COLLECTED MATERIAL:
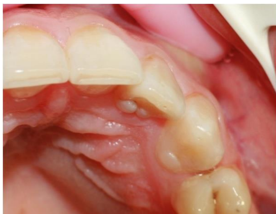
Figure 1: The protuberated gingivum in the palatal aspect of the left maxillary lateral incisor

palpation, and tenderness to percussion was mild.
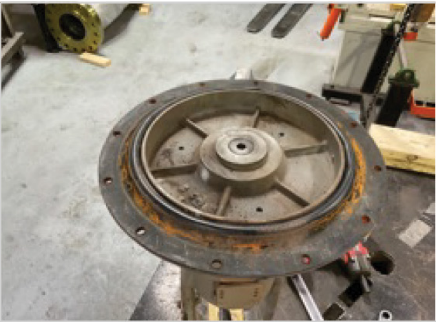
As Found Part

TASK BRIEF: In full and without any pictures, print the listing above exactly.

EXERCISE RESULT:
Figure 1: The protuberated gingivum in the palatal aspect of the left maxillary lateral incisor

palpation, and tenderness to percussion was mild.
As Found Part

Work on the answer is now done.